- About this task:
Transcribe the data exactly, stopping after the "Hello everyone! 🙂" line.

- Data supplied:
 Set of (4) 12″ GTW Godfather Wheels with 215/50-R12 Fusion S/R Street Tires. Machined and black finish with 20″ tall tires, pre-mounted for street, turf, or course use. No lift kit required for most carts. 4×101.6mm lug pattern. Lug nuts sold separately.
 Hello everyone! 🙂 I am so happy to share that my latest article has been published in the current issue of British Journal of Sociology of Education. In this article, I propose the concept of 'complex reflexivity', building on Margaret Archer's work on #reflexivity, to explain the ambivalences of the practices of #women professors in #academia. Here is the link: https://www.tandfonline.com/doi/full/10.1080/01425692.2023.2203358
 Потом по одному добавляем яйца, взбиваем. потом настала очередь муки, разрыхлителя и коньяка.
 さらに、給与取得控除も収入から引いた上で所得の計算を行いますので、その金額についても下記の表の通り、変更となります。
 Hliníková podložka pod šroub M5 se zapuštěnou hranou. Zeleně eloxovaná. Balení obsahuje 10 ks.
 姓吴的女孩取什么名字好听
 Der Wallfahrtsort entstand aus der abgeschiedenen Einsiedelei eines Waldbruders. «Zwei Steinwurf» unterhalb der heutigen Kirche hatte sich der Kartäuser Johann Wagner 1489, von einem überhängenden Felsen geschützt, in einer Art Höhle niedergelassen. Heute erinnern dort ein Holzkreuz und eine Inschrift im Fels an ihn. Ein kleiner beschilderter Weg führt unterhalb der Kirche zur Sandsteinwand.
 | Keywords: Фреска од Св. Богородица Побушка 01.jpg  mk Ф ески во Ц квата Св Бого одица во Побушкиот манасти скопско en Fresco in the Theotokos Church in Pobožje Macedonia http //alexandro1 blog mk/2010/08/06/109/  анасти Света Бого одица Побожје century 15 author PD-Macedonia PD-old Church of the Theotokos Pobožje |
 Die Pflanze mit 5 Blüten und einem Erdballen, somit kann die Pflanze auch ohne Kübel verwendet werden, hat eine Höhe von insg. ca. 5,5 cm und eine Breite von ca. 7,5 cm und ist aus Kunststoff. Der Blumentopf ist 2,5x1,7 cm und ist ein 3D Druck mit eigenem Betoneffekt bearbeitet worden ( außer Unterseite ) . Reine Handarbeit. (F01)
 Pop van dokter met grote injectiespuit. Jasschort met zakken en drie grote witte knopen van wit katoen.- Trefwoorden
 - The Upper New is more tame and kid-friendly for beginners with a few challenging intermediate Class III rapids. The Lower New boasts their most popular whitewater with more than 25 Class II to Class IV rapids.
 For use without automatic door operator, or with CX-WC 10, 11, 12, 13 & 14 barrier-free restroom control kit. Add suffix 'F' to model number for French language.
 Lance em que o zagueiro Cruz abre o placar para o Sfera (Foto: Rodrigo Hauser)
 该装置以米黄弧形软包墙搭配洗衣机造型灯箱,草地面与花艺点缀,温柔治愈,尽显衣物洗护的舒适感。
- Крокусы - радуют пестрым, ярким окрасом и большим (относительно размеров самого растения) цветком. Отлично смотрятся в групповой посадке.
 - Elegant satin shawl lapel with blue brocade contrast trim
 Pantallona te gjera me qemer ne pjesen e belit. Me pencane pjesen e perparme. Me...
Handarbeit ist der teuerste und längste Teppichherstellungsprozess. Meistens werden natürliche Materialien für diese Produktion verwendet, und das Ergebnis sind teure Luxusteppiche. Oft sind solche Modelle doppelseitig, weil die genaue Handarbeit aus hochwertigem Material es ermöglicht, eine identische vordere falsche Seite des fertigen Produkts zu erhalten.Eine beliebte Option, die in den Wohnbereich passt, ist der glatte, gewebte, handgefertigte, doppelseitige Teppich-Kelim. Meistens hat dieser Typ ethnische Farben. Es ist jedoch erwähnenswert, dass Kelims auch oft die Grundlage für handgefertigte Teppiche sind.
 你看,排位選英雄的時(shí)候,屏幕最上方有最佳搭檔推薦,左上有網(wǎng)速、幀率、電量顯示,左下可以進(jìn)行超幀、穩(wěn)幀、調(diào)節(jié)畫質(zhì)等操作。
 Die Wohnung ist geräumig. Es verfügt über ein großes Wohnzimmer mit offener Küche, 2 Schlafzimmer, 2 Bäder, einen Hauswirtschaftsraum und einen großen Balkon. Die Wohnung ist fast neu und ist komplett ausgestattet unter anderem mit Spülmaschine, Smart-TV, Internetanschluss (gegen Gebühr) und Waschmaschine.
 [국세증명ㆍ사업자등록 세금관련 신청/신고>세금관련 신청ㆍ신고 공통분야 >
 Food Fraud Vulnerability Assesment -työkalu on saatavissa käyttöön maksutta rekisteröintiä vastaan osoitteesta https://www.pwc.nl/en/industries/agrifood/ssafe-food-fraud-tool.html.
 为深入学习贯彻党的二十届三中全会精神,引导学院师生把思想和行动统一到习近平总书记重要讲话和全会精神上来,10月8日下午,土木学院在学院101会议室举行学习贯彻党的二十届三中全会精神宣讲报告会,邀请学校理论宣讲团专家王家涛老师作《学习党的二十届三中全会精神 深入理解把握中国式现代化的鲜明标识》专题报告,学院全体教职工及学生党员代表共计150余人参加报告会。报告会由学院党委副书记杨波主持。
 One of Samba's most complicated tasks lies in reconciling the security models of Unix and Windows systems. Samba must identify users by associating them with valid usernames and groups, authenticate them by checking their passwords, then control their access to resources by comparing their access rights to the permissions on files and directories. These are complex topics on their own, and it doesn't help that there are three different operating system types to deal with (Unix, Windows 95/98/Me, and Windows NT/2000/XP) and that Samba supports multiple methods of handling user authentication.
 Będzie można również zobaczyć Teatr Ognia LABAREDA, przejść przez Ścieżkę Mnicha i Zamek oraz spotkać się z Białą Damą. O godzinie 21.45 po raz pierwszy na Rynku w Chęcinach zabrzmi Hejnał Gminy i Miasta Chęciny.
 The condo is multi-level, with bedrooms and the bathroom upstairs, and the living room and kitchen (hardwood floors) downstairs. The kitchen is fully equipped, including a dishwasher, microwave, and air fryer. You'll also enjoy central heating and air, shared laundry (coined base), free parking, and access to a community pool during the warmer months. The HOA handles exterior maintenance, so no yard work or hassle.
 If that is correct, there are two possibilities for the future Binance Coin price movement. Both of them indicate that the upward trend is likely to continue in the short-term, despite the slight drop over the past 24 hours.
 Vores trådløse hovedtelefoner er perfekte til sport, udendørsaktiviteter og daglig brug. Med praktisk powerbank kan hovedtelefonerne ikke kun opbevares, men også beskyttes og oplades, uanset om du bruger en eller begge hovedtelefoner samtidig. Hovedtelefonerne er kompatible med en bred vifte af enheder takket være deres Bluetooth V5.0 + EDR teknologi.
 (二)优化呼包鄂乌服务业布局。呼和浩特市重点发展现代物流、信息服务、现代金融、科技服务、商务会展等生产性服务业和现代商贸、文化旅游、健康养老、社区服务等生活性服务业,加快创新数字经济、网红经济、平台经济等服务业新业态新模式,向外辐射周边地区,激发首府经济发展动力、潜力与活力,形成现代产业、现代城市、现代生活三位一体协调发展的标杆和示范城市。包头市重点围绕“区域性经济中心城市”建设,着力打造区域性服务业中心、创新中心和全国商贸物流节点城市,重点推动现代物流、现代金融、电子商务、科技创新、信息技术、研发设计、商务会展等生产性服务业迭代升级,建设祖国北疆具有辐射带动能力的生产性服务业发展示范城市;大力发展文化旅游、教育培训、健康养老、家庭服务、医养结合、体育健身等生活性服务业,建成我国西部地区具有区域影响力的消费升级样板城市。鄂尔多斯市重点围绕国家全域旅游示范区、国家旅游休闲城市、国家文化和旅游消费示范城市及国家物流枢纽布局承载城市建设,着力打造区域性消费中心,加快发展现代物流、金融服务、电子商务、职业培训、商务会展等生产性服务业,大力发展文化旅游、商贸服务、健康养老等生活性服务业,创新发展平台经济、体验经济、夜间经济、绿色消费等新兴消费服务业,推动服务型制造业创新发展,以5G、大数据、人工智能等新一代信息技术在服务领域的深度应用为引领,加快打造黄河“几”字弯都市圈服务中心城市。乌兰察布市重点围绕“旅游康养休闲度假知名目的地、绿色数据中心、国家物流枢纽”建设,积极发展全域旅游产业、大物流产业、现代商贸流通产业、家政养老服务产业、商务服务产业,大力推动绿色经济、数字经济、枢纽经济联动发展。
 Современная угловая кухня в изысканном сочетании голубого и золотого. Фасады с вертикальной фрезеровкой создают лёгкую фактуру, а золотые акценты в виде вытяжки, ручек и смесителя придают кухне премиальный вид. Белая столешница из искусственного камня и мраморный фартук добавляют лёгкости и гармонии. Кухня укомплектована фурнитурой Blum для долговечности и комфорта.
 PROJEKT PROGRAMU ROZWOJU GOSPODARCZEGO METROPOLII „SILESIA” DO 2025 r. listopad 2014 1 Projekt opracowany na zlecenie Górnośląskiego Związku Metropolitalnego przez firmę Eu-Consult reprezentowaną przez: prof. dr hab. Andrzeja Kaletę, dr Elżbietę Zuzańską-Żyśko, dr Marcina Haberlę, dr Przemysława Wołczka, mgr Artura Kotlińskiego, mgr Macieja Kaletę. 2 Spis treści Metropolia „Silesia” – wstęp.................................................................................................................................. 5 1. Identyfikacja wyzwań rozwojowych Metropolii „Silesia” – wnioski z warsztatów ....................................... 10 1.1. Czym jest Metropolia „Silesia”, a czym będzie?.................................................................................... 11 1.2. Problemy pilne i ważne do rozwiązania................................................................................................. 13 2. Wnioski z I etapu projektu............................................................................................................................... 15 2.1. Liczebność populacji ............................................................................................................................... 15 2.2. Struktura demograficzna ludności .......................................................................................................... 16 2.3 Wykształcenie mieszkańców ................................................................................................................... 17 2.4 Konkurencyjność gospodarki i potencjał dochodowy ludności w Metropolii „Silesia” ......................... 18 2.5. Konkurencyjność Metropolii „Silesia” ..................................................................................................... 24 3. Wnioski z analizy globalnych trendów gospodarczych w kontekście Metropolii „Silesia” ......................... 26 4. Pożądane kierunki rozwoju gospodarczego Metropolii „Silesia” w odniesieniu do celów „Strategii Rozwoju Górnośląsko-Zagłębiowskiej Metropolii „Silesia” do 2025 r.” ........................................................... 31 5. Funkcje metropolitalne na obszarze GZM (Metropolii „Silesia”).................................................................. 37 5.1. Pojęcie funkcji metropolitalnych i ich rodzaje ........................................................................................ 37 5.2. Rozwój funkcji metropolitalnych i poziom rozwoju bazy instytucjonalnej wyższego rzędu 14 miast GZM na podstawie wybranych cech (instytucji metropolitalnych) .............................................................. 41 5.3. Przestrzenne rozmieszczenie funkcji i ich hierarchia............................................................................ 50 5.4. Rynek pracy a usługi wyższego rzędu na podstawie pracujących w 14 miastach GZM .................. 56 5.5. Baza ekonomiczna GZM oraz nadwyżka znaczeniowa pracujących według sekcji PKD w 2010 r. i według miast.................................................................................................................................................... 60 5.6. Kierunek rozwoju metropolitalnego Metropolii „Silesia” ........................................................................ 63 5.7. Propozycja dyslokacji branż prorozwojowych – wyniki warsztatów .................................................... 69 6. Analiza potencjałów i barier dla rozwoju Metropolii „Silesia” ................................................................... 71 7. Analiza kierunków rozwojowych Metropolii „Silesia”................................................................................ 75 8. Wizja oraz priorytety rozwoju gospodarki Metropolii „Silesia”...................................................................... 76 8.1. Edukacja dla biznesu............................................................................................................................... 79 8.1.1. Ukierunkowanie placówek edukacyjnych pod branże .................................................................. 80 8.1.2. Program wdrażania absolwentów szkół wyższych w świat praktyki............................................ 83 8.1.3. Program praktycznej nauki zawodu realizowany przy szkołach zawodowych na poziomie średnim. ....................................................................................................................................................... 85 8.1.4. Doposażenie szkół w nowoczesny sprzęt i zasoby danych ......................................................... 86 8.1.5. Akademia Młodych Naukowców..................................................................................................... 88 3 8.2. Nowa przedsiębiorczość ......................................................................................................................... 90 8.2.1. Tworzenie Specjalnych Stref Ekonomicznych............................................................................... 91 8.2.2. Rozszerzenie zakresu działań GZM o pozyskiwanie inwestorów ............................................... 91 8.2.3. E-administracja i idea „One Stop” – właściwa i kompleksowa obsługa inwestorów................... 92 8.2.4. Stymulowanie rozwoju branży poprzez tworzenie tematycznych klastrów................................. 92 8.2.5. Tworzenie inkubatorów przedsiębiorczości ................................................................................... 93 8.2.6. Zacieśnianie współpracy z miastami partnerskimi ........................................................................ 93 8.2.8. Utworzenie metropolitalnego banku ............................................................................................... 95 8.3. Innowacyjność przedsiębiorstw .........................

- Solved problem:
 Set of (4) 12″ GTW Godfather Wheels with 215/50-R12 Fusion S/R Street Tires. Machined and black finish with 20″ tall tires, pre-mounted for street, turf, or course use. No lift kit required for most carts. 4×101.6mm lug pattern. Lug nuts sold separately.
 Hello everyone! 🙂 I am so happy to share that my latest article has been published in the current issue of British Journal of Sociology of Education. In this article, I propose the concept of 'complex reflexivity', building on Margaret Archer's work on #reflexivity, to explain the ambivalences of the practices of #women professors in #academia. Here is the link: https://www.tandfonline.com/doi/full/10.1080/01425692.2023.2203358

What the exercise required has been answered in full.